What Assays Cannot Tell You About a Bioprocess
We engineer biological systems in one context and evaluate them in another. A genetic modification is designed at the bench, characterized under controlled conditions, and then introduced into a bioprocess where the environment, the competition, and the metabolic demands are fundamentally different. The assumption is that if the modification works in characterization, it will work at scale. When it does not, we treat that as a failure of the organism or the process — not as a failure of how we evaluated it.
But the evaluation itself is the problem. Characterization typically relies on endpoint assays and forced measurement — techniques that impose a controlled excitation on the system and read the response. This works when the question is narrow: does this gene express? Does this pathway activate under induction? It does not answer the question that matters for a bioprocess: how will this modification behave inside a living, shifting, competitive system over time?
That question cannot be answered reactively. The current paradigm waits until the engineered system is placed into the bioprocess, then monitors outputs — yield, growth rate, product titer — and adjusts. By the time a problem becomes visible in those outputs, the cause is upstream and already integrated into the system’s behavior.
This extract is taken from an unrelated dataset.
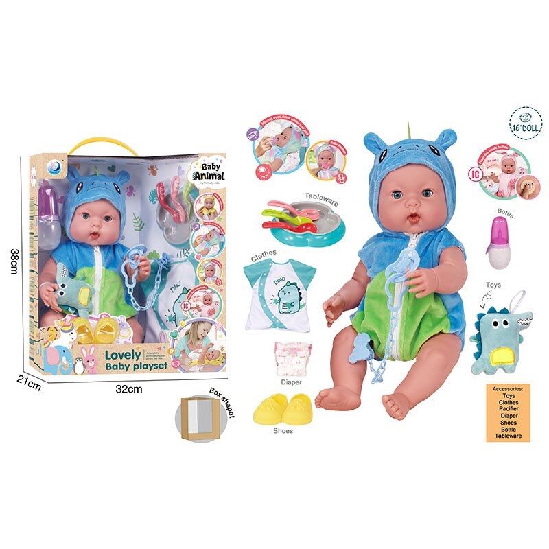 Пупс 39см, музыкальный чип, закрывает глаза, съемная одежда, пустышка, обувь, подгузник, ходит в туалет, бутылочка, тарелочка, ложечки, в кор. 38*31*21см (12шт/2)

The data says the batch underperformed. It does not say why.
The obvious response is to test at smaller scale — a bench-top fermenter, a miniaturized reactor. This helps. Smaller scale reduces cost and cycle time. But if the measurement at that smaller scale is the same — endpoint assays, forced electrochemical techniques, output-level monitoring — then the scale changed but the observability did not. A smaller reactor running the same reactive measurement still tells you what happened. Not what is happening.
What is missing is not a smaller version of the same observation. It is observation that does not force a response from the system but captures the signal the system is already producing. Living systems generate continuous electrochemical and metabolic signal as a function of what they are doing. That signal contains structure — adaptation, stress response, population dynamics, metabolic shifts. Current measurement either filters it as noise or never captures it because the sensing method requires an applied excitation that overwrites it.
If that signal were captured continuously, without disrupting the biology, prediction becomes possible. Not prediction imposed from historical data — prediction that emerges from the system’s own trajectory. One guesses where the system will go. The other reads where it is heading.
This is the layer that bioprocess development is missing — not more measurement of the same kind, but a different relationship between the sensor and the biology. One where engineering decisions are informed by behavior, not just outcomes — while we are still in the position to change them.